Behind a low castellated parapet upon a wall above the portcullis stood perhaps fifty dark-haired women of varying ages, all dressed in red robes matching the stone and armed with bows drawn to the full, nocked arrows aimed at the foursome's breasts. Among them and in the center, at a notch in the wall where leaned a ladder, stood a tall man dressed in a red robe as well. Looking to be in his early thirties, he was some six feet four and weighed perhaps two hundred twenty lithe pounds. His hair was a sunbleached auburn, his skin desert tanned, and his eyes were ice-blue. His hands rested upon the hilts of a great two-handed sword, its point grounded on the banquette above.

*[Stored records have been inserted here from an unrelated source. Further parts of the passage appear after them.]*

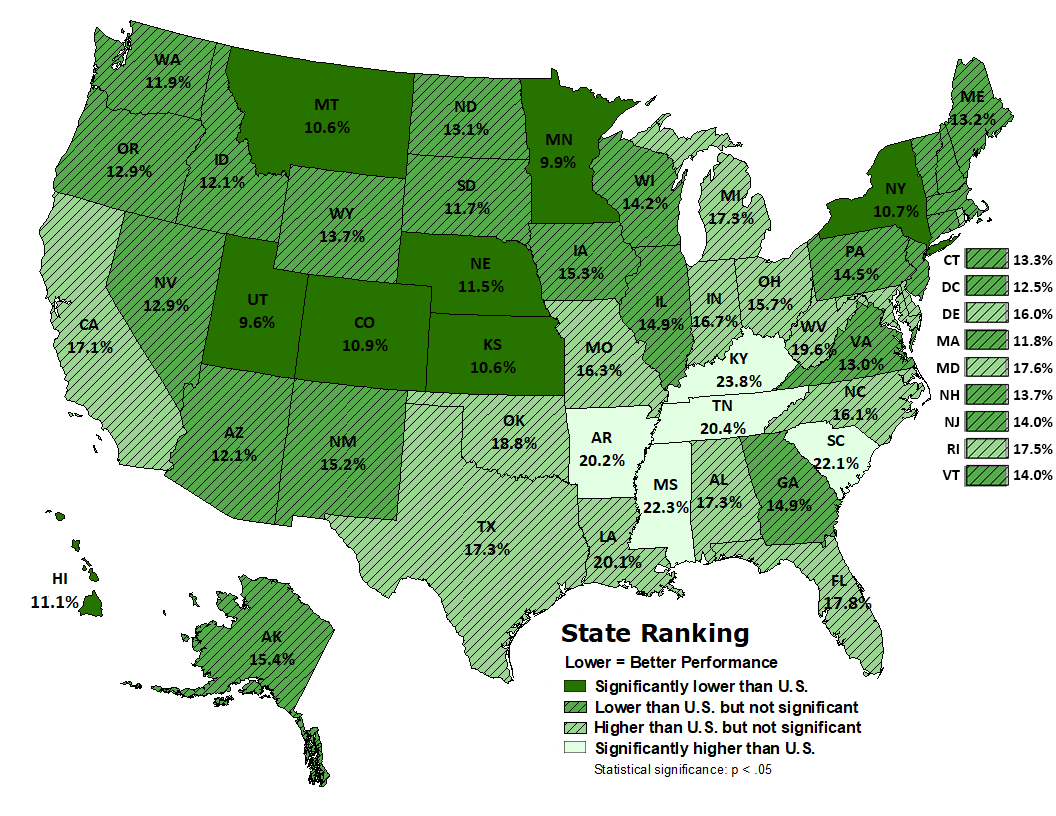 Nationwide: 15.5% of children met indicator Range Across States: 9.6% to 23.8%
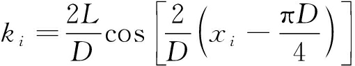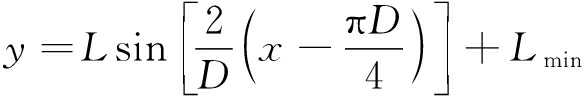 式中:y为轴向位置;x为周向位置;L为沟槽轴向距离,L=Lmax-Lmin;D为调速内套外径。
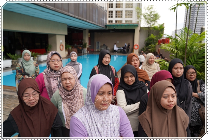 Latihan praktikal wuduk dan mandi wajib yang sempurna turut diadakan di kawasan kolam hotel bagi memberi pengalaman sebenar kepada peserta.
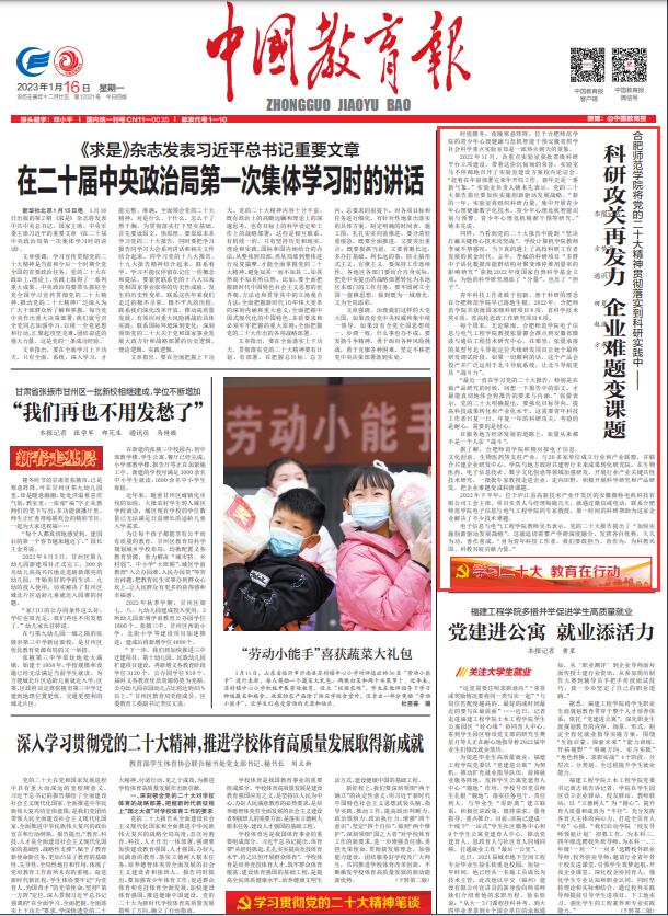 本网讯 2023年1月16日,《中国教育报》头版要闻以《beat365唯一官方网站将党的二十大精神贯彻落实到科研实践中——科研攻关再发力 企业难题变课题》为标题,报道了beat365教育科技工作者贯彻落实践行党的二十大精神相关内容。
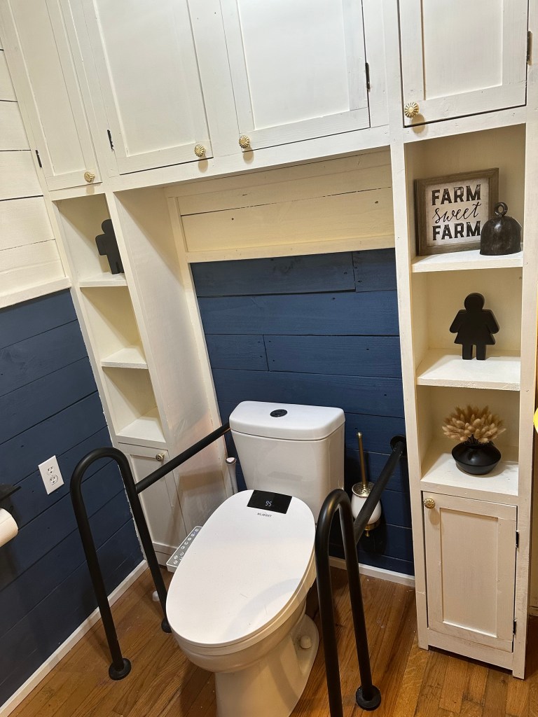 Luckily both Chad and I have similar tastes. We adore the rustic vintage farmhouse look. We also love the old Victorian time period. However, Chad also likes high tech gizmos and gadgets so, in the toilet closet of course he wanted a high tech Bidet toilet seat. I love the fact the seat is heated, to keep my tushy toasty 😉.
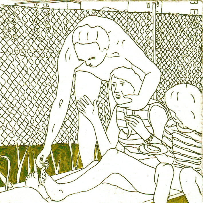 „Zaun“ aus der Serie „Familienalbum (Unbekannt 1971-76)“, 2017, Acryl, Fineliner auf Papier, 16 x 16 cm
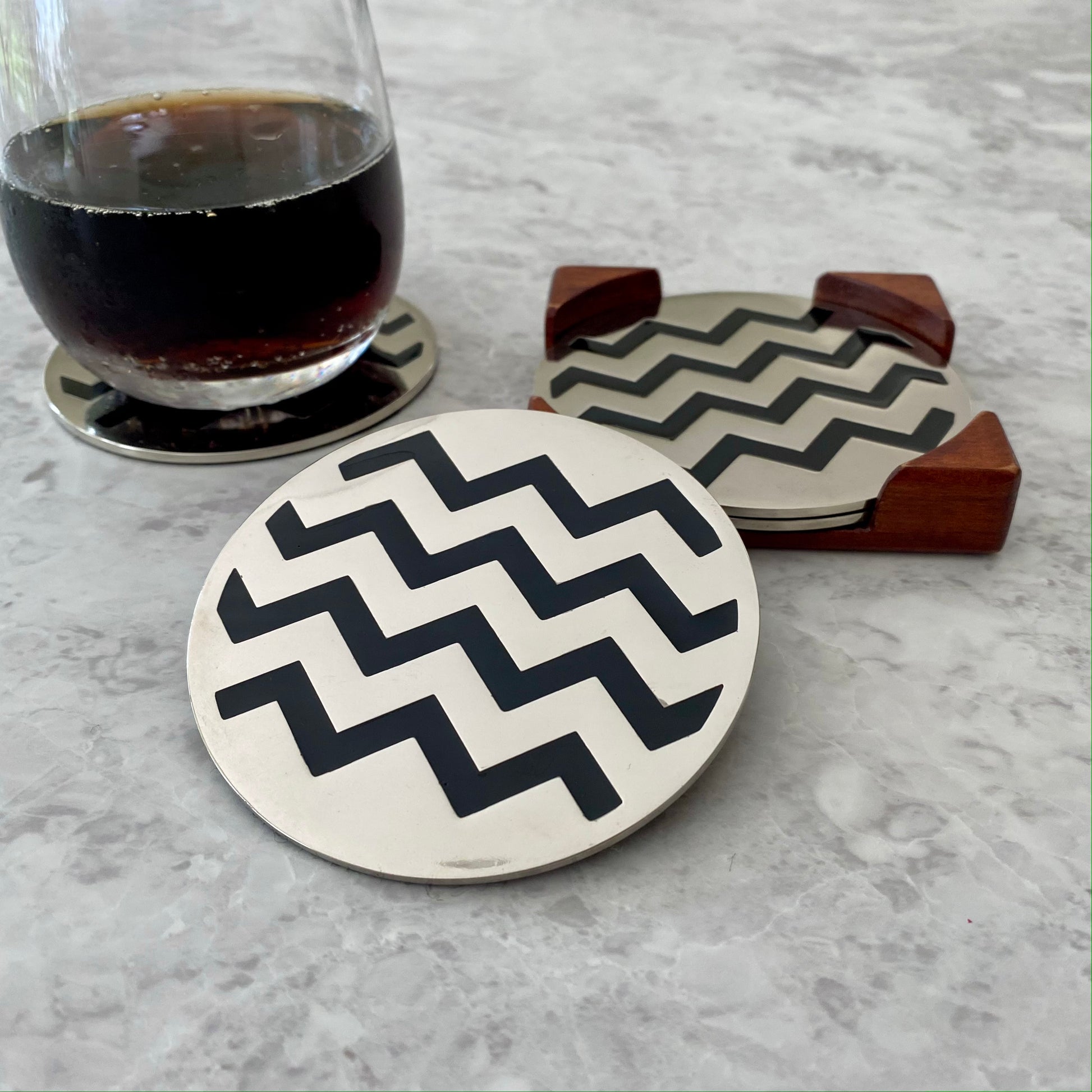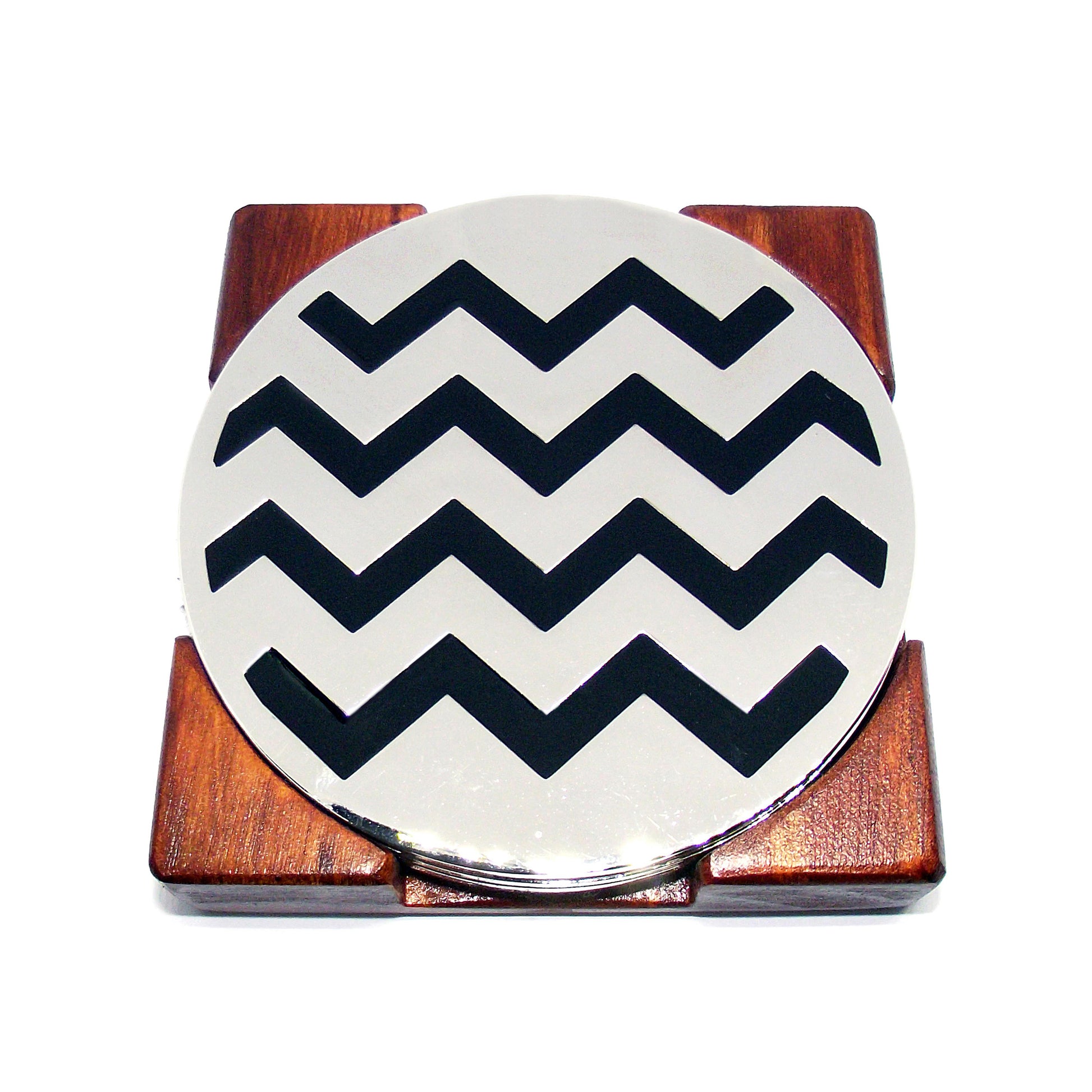 Lindos y elegantes posavasos metálicos. Vienen en juego de 4 unidades, con base de madera para guardarlos. Ideales a para decorar tu mesa y para regalar a tus personas especiales.

Aiko looked at him, puzzlement in her eyes, and she sheathed her swords and said to Egil, "I do not understand. He is not the peril, yet the peril is within him."

CHAPTER 52

You say you come seeking a keeper of faith," called down one of the women, an elder, standing to the left of the man. She wore no veil, nor did any of the women. "We are all keepers of faith herein."

Egil slipped his axe into his belt and motioned Delon and Ferret to sheathe their weapons. As they did so, the woman called out in a low voice, "Wakaf lataht'." The women released the tension on their bows and lowered the weapons.

Empty-handed, Egil said, "We have come far and have a tale to tell."

"Before you begin, do you wish me to send someone to bring in your last two companions along with your camels?" she asked as she signaled to the man to descend. Shouldering his great sword, he started downward, the woman following.

Egil glanced at Aiko. Keeping a wary eye toward the big man descending, the Ryodoan nodded and said, "Unless provoked, there is no peril in these women. But as to the man, I cannot say. Even so, Dara Arin should be safe."

By this time, the man and woman had reached the base of the ladder, and now many of the other women started down, though some stayed on the banquette.